February is Super Bowl month, and even if you’re not a fan, you have to have some appreciation for what professional athletes do to compete at that level. Athletes actually spend much more time conditioning and practicing than they do competing. No athlete who is serious about their sport would try to compete without being in shape.

The Apostle Paul uses the metaphor of athletics when describing the Christian life and service in his first letter to the Corinthians. The Corinthians had their own “Super Bowl.” It was the Isthmian Games, which they hosted every two years in their city. They were just as enthusiastic about their games as football fans are about the Super Bowl, so using this example drove home a point with the Corinthians. The Apostle Paul told them, “everyone who is competing in the games exercises self-control in all things. Now they do it to receive a corruptible crown, but we an incorruptible.” (1 Cor. 9:25).

Self-control speaks to the physical training necessary to compete. If asked, I’d bet that most NFL players prefer competing over training. One of the ways they train is in the weight room. This improves strength and endurance. Other ways are by practicing, studying game plans, and keeping to a strict diet to maintain their peak weight. All that training is probably not the favorite part of being an athlete, but it’s necessary to compete.

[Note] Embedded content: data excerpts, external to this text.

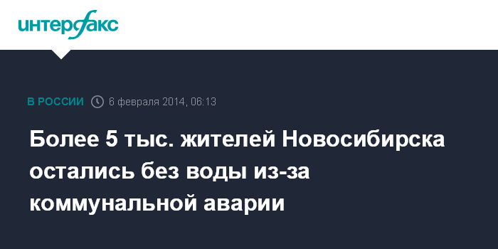 Москва. 6 февраля. INTERFAX.RU - Прорыв трубопровода холодного водоснабжения диаметром 1 м произошел утром в четверг в Дзержинском районе Новосибирска, сообщает Сибирский региональный центр МЧС РФ.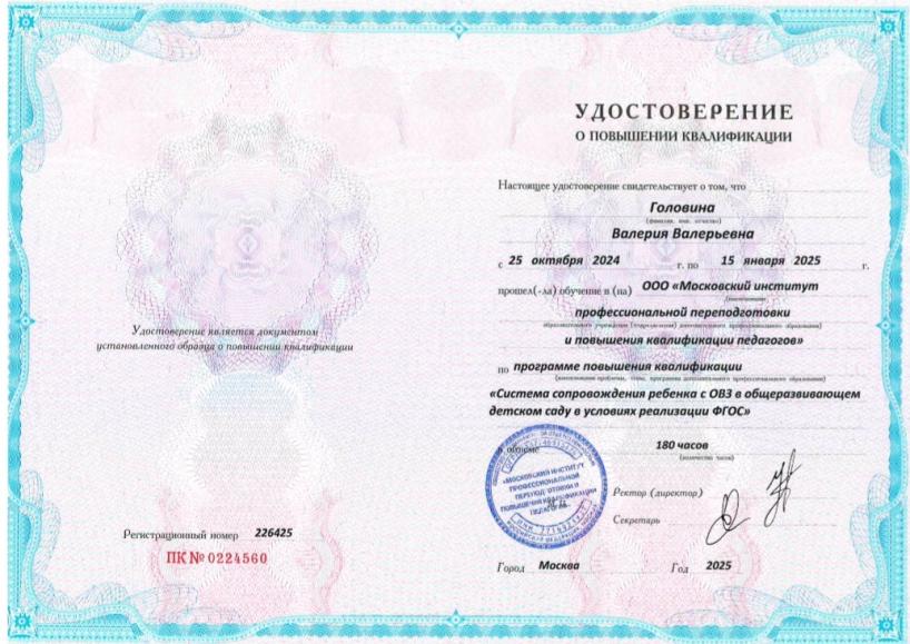 КПК | 25.10.2024г.-15.01.2025г. (180 час, ООО «Московский институт профессиональной переподготовки и повышения квалификации педагогов») по программе «Система сопровождения ребенка с ОВЗ в общеразвивающем детском саду в условиях реализации ФГОС» |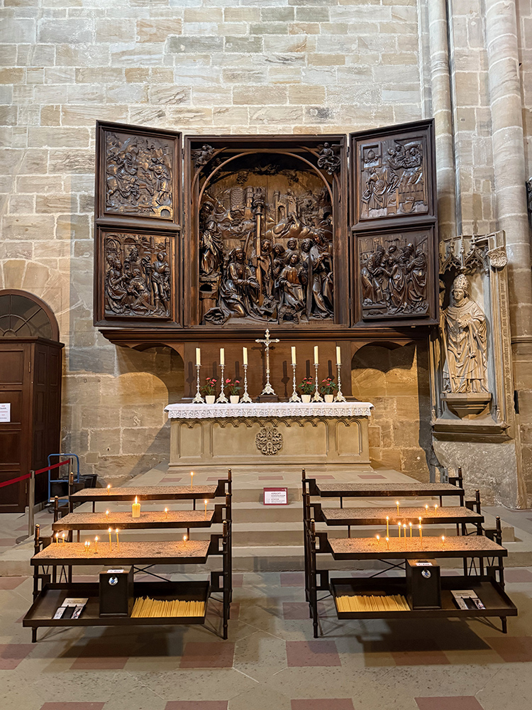 2025 Cruising with Friends Amsterdam to Budapest Bamberg Sometimes you take a lot of photos, sometimes you don’t. The city hall is uniquely placed, sort of in a channel of the river, elevated of course. The cathedral has a rare element: two chancels/altars, one at each end of the building. 20250910.Bamberg01 20250910.Bamberg02 20250910.Bamberg03 20250910.Bamberg04 20250910.Bamberg05 20250910.Bamberg06 20250910.Bamberg07 20250910.Bamberg09 20250910.Bamberg08 Other Pages Cruising with Friends / Cologne / Rhine Valley and Rüdesheim / Frankfurt / Wertheim / Würzburg / Rothenburg / Bamberg / Nuremberg and the Rhine-Danube Canal / Regensburg / Passau and Melk / Vienna / Budapest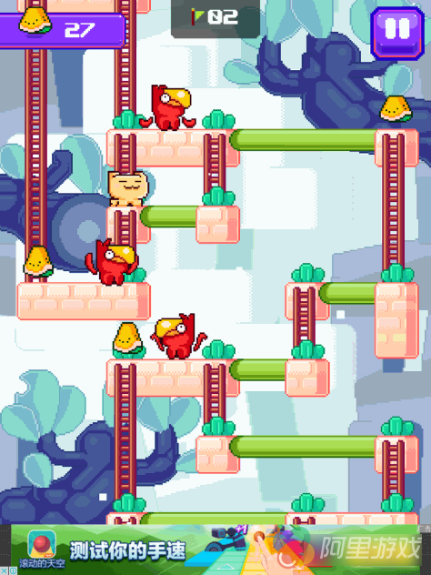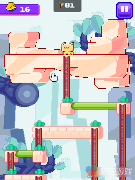 《时髦的猫(Dashy the Cat)》的画面采用2D竖版屏幕来呈现,而画风则是喜闻乐见的卡通像素风格,往好听了说这是复古,往坏了说其实就是想省钱嘛…本作画面整体显得比较简单和清爽,并没有明显的模糊感,而且画面中的角色们都比较可爱,比如主角小猫咪以及反派“愤怒的小鸟”,应该能吸引到一些妹子的关注。
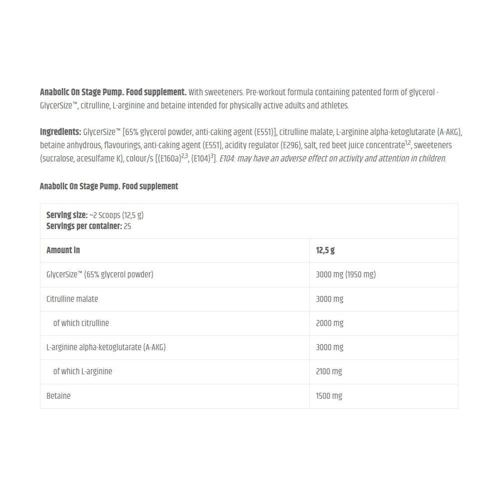Anabolic On Stage Pump. Doplněk stravy. Se sladidly.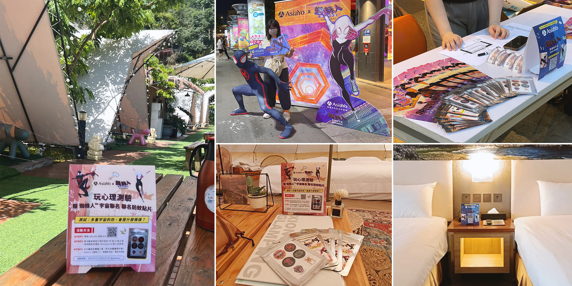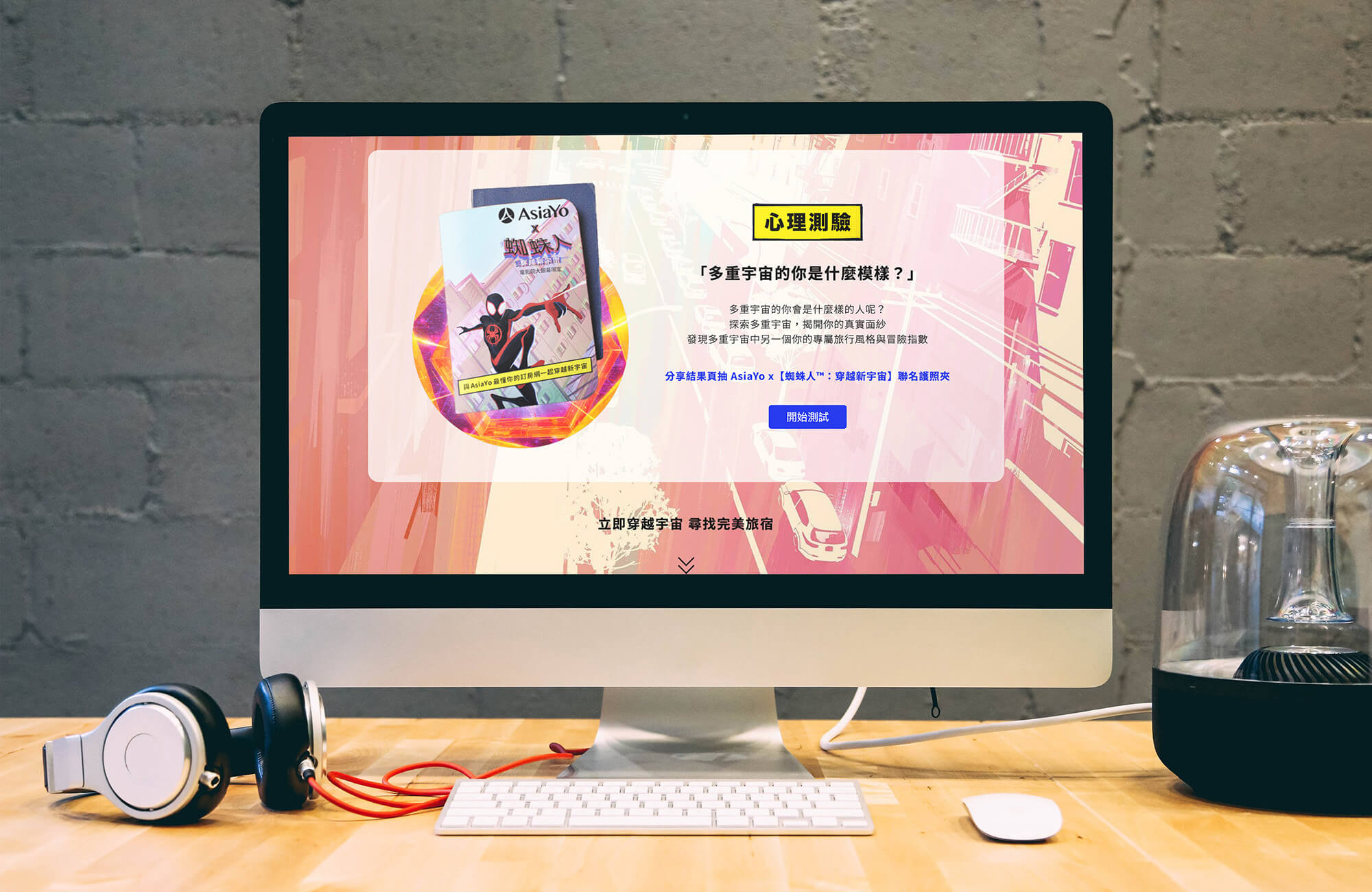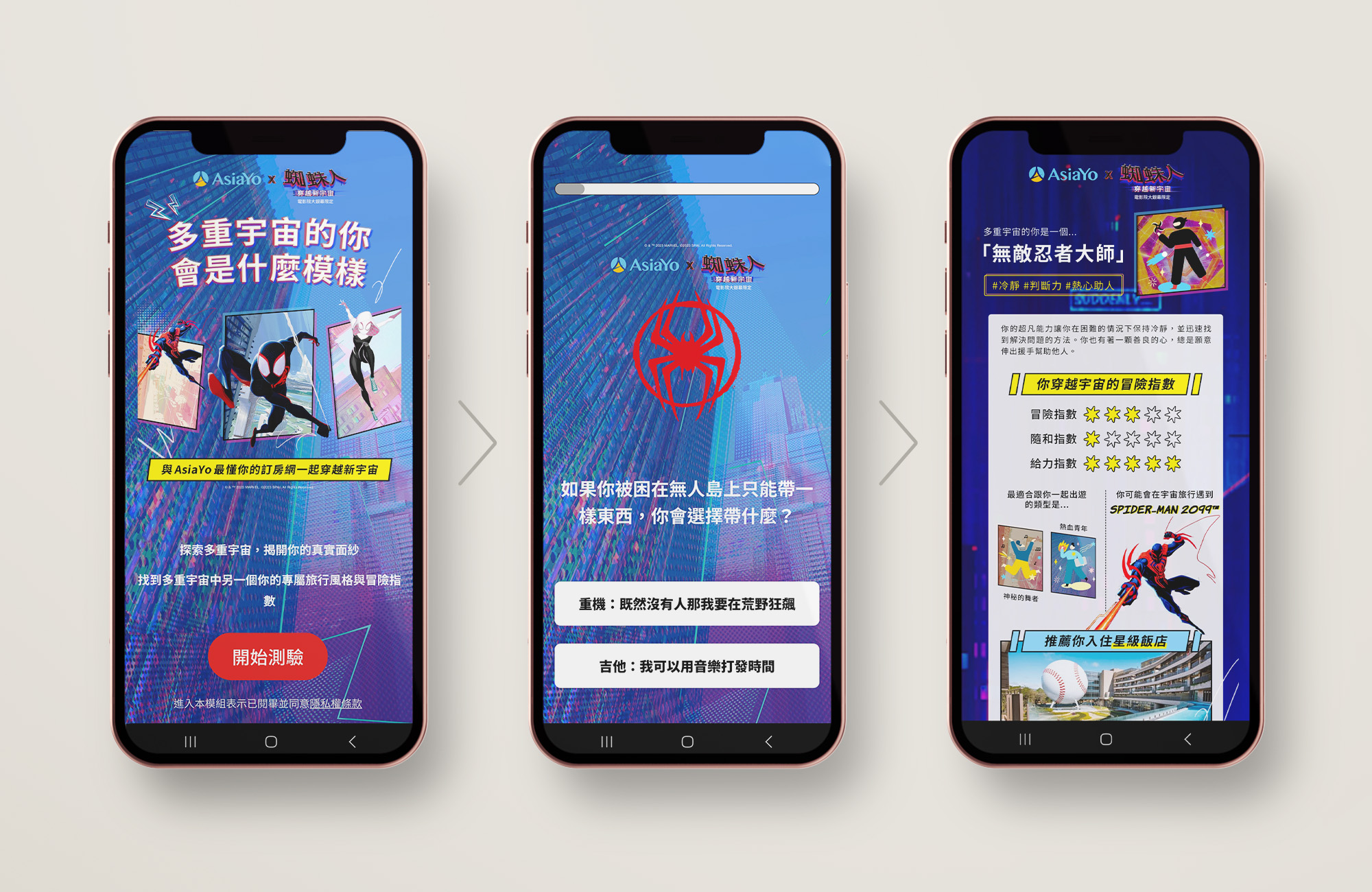 活動主軸除了串連線下旅宿優惠外,並利用心理測驗活動,擴大觸及用戶,參與心理測驗並分享可以抽 AsiaYo x 蜘蛛人™ 的護照套。

Christians also compete. Our opponents are powerful spiritual forces of evil (Eph. 6:12). If we’re competing, then it makes sense that we have some training to do. Ours is not so much physical, but more spiritual.

1 Timothy 4:7-8

Train yourself in godliness. For bodily training is profitable for a little while, but godliness is profitable for all things, having promise of the life that now is, and of the life that is to come.

We train in “godliness” by reading and studying our Bibles to become knowledgeable of God’s game plan. We spend time praying, witnessing to others about the Gospel of Jesus Christ, giving our time and resources to others, and fellowshipping with other Christians. Like physical training, these things can seem repetitious, mundane, and even boring at times, but we need to do them so that we’re in shape and ready to compete.

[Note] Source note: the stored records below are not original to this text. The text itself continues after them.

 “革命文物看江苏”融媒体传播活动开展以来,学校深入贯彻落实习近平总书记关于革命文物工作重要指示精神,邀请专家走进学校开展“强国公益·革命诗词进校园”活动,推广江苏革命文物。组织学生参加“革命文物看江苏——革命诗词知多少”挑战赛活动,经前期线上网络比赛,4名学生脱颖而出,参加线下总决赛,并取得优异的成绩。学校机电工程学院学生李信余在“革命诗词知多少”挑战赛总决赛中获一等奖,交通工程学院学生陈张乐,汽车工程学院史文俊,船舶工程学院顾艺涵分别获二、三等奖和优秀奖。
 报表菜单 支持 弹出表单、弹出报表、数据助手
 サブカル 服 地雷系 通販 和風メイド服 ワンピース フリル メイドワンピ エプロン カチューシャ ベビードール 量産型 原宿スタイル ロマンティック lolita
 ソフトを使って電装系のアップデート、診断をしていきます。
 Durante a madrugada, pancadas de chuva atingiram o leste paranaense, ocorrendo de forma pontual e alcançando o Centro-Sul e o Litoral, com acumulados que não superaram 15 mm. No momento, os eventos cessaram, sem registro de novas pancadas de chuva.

Being victorious in life and football can be a matter of ounces. What I mean by that is, when it’s late in the fourth quarter and the game is on the line, the players who are able to reach down and find that extra ounce of strength to fight through their opponents’ defense are the ones who win the game. Training in godliness will make us “able to do immeasurably more than all we ask or imagine, according to his power that is at work within us (Eph 3:20). That strength may not be necessary every moment of every day, but when the occasion arises, we will find the strength that God has given us through Christ Jesus empowering us in our time of need when we are trained and conditioned for competition.

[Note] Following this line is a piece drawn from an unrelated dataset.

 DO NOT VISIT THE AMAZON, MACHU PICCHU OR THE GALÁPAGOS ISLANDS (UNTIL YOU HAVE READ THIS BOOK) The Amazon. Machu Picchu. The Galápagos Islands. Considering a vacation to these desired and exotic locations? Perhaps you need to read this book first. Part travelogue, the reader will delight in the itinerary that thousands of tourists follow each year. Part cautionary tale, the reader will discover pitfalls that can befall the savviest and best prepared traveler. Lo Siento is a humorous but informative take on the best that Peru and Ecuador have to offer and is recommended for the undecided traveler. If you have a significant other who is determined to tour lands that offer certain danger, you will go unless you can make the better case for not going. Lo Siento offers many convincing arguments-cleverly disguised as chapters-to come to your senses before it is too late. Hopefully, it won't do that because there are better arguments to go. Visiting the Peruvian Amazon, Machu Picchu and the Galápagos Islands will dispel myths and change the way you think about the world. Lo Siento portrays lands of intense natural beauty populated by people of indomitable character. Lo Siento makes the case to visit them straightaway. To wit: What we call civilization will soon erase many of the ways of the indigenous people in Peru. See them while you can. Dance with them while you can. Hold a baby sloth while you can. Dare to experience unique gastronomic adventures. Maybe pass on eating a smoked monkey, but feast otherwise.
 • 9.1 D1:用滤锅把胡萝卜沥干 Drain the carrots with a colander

When athletes have trained and are in peak condition, they are eager and want to be in the completion. The same is true for Christians, “for it is God who is working in you both to want to do, and to do, his good pleasure.” (Phil. 2:13 REV). Scripture also says we are “strengthened with power by his spirit in the inner man” (Eph. 3:16). With God’s power working in us, we will be eager and want to compete, knowing that our strength is not limited to our own.

Training takes time, effort, and discipline, but our effort will not go unrewarded. Participants in the Isthmian Games received a garland made of wild celery, which was placed on each event winner’s head as a crown. Super Bowl champs get a nice paycheck, a ring, a t-shirt and ball cap. All those rewards will be gone someday, but God has promised us that the rewards for our efforts will be everlasting (1 Cor. 9:25). Exactly what all those rewards will be is not always clearly stated in Scripture, but I’m sure they‘ll be a lot nicer than a t-shirt and ball cap, since “No eye has seen, no ear has heard, no mind has conceived what God has prepared for those who love him.” (1 Cor.  2:9).